Demo #3 – not handling offenses properly. What builds unity #3 – handling offenses properly. This might be one of the biggest unity killers in the Christian world. Many people don’t know that Jesus talks about how to handle being offended and grieved by someone else. This is what Jesus says in Matthew 18:15-17:

“If your brother sins against you, go and show him his fault, just between the two of you. If he listens to you, you have won your brother over. But if he will not listen, take one or two others along, so that ‘every matter may be established by the testimony of two or three witnesses.’ If he refuses to listen to them, tell it to the church; and if he refuses to listen even to the church, treat him as you would a pagan or a tax collector.”

What destroys unity is when we don’t handle offenses properly. Now, let’s be honest, Jesus words seem to be talking about serious issues, the kind of issues that would eventually call for the removal of a member from the church if they didn’t repent. However, the underlying principal applies to all sorts of grievances and offenses. Sinning against you isn’t about your pet peeves (I really hate it when you chew with your mouth open). It’s about someone wronging you. You did this to me…. You said this to me…. Then the appropriate response is to follow Jesus’ instructions. Take a close look at how Jesus starts out… If your brother sins against you, go and show him his fault, just between the two of you….

The proper way to handle when someone sins against you is to go privately to that person tell them, show them their fault. But we don’t do that. How do people handle offenses and grievances? Some bottle it up and hold on to bitterness and anger. But it is almost impossible to remain quiet about an offense. If you don’t tell the person who sinned against you, you will most likely tell others. This is just plain gossip. Then if there is no reconciliation between just the two of you, then bring in a third party as a neutral mediator. Maybe the third party can ease tension and help bring balance, an outside perspective to the situation. If we are going to be a church that actively builds unity then we need to start taking the words of Jesus seriously and handle our offenses biblically. The great thing about approaching others in love is that you set the tone for restoration, healing and unity.

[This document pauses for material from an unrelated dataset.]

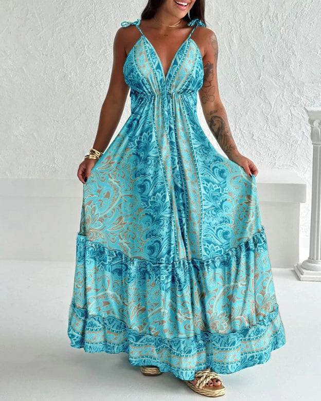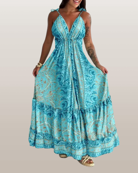 Este vestido longo une uma estampa vibrante com um tecido que parece te abraçar.
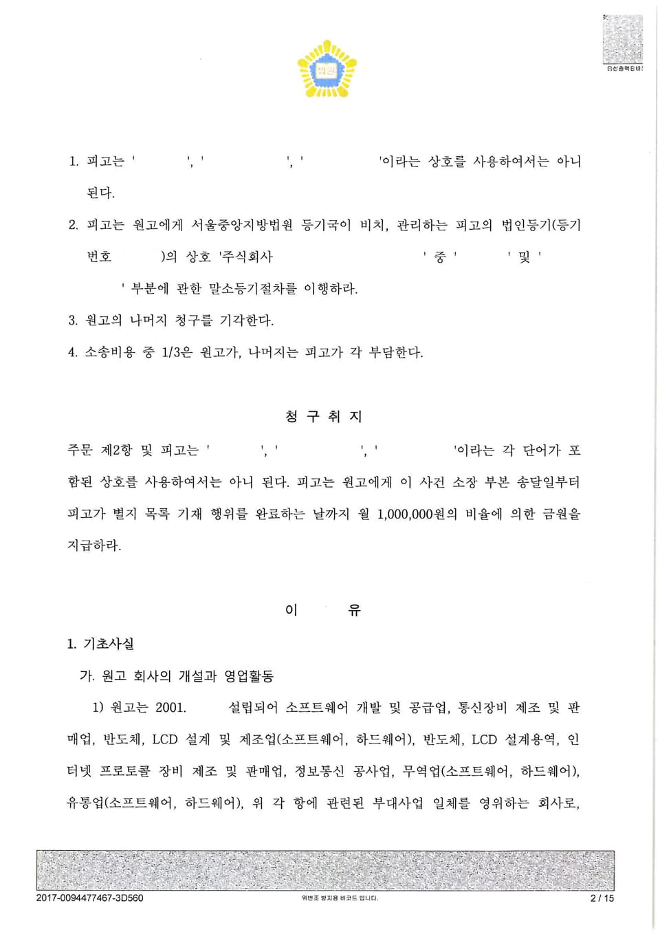 법률업무2017-05-292분[승소] 동일 상호 사용 금지 소송

Pointing out problems is not breaking unity, but it depends on the spirit in which it is done. Check your heart. Jesus’ words are not meant to punish or to prove you right, but to restore relationship, so that Christians can continue living as family. But it’s hard to do. Pointing out someone’s fault is risky, for there is no way of knowing how he will respond. But if done gently and graciously, the offender will be more likely to recognize the error than become stubborn and bitter. This is loving, caring confrontation. The person initiating the confrontation should explain his concern and then ask, ‘Am I understanding this situation correctly? Is there some clarification that can be made?’

There’s an African proverb that says: When spider webs unite they can tie up a lion. When Christians are united in a common purpose and mission, nothing will stop it from doing what God has called it to do. Do we take the Apostle Paul seriously in Colossians and Ephesians? Do we put up with one another? Do we work to maintain unity? If we want to see unity then we will have to start doing things that actively build up unity and not tear it down.

Now is the time to be intentional – to say, “From this point on, I want to be a unity builder for God’s kingdom.” Will you help build unity in your home, in your church, and in your community?